A daunting task from Day One—help develop an entrepreneurial climate in post-Soviet Ukraine

Prior To Returning to the private sector and my academic roots in aviation engineering, I was partner in a European consultancy that ran government-to-government aid programs. One of our major assignments involved designing a program to help new entrepreneurs in the former Soviet Union start small- and medium-sized businesses.

These new ventures would either be spinoffs from existing industrial structures or service-related start-ups. In both cases, there were no working models in that part of the world—there were no smallor medium-sized businesses when the Soviet Union broke up, no individual entrepreneurs. Fostering entrepreneurship and company-building would all have to be done from scratch. The tasks looked, and in some ways still look, daunting.

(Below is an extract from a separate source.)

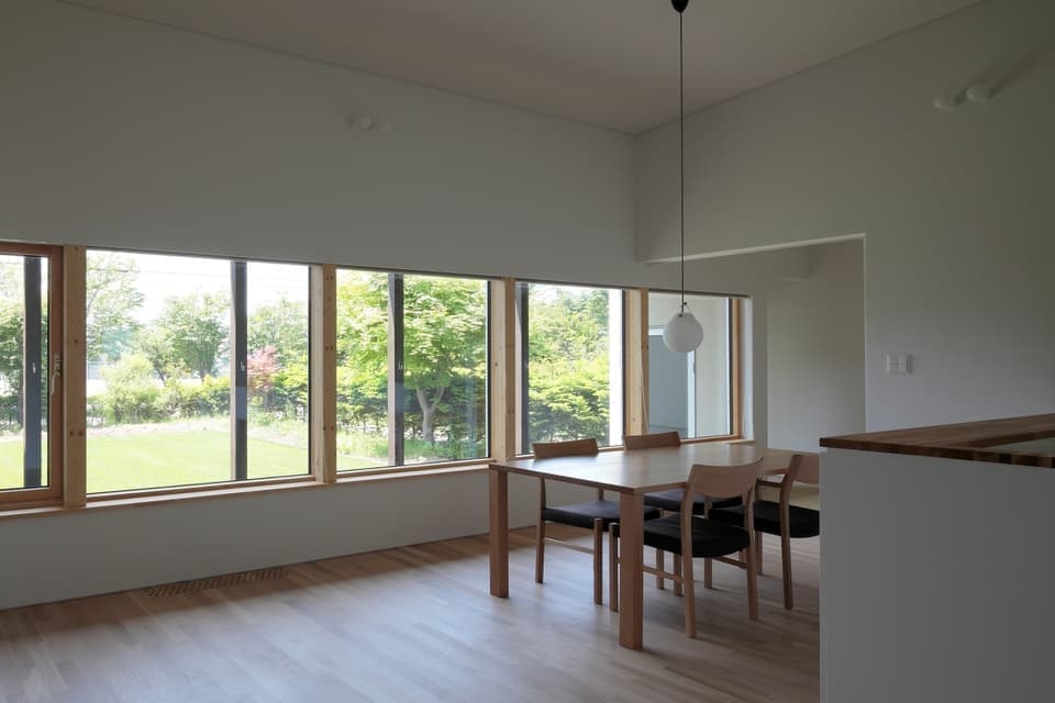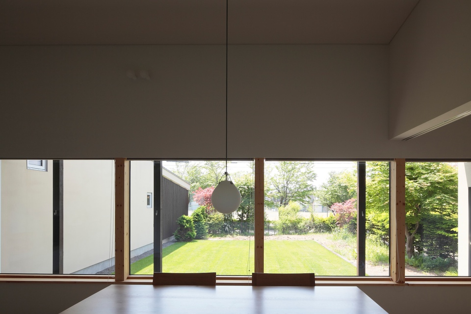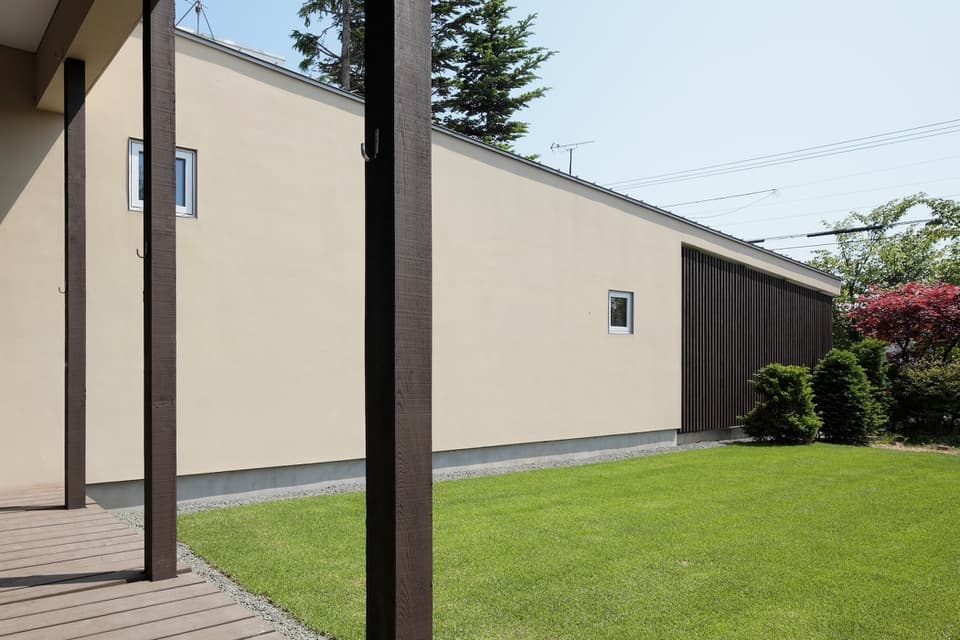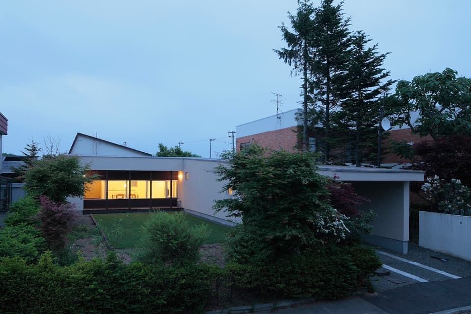家族3人が暮らす平屋の住宅である。1年以上、土地探しをしてやっと巡り会えたのは、約100 坪、古屋付の公園に面した南接道敷地であった。築40 年の古屋には立派な庭木と生け垣があり、近隣の庭とも一体感を作り出し、良いまちなみを形成しているように感じられた。一方、南接道の敷地では、長い玄関アプローチの除排雪に苦労されていることを近隣の方々から聞いた。既存の庭木を活かすことで昔から建っていたような落ち着いた雰囲気を作り出したいと考えた。また、公園や遊歩道に面した敷地環境を借景として家に取り込みたいと考えた。一方、長く安心して暮らせる家が求められた。そのため、住宅の基本性能の確保に加え、維持管理費の掛からないこと、除排雪の負担が少ないことが大切なテーマとした。住宅を既存の庭木や生け垣を活かすようにL 型に配置し、庭木と家による緩い囲み型の住宅配置とした。玄関を道路そばに配置し除雪範囲を最小限にし、中庭の奥にリビングを配置することで、開放的なリビングからは距離による安心感を確保しながら南に広がる公園の風景を取り込むことが可能となった。敷地の奥から道路に向かって緩い勾配屋根とすることで、LDKの天井は高く、玄関、車庫の天井は低くして空間的魅力と熱効率のバランスを計り、近隣の町並みとの調和を意識した。リビングは天井を高くし、単調になりがちな平屋の室内にメリハリを付けている。また、軒を出して縁側空間を設けることで道路からの距離感を確保するとともに、夏の日射をコントロールしている。

Among those tasks were assisting new governments with administrative procedures for business regulation, and structuring legislation for such areas as taxation, accounting standards and practices, business registration, and product certification. There were also the challenges of dealing with red tape and corruption—how to conduct legal businesses in a climate that was hostile to private enterprise. And not only was the existing economic system in disarray, there had been no acceptable level of environmental protection practices in existing industries, the social and pension systems had collapsed, and the preexisting system of personal fiefdoms (openly known as the system of benefits and privileges) was based on political connections and clout.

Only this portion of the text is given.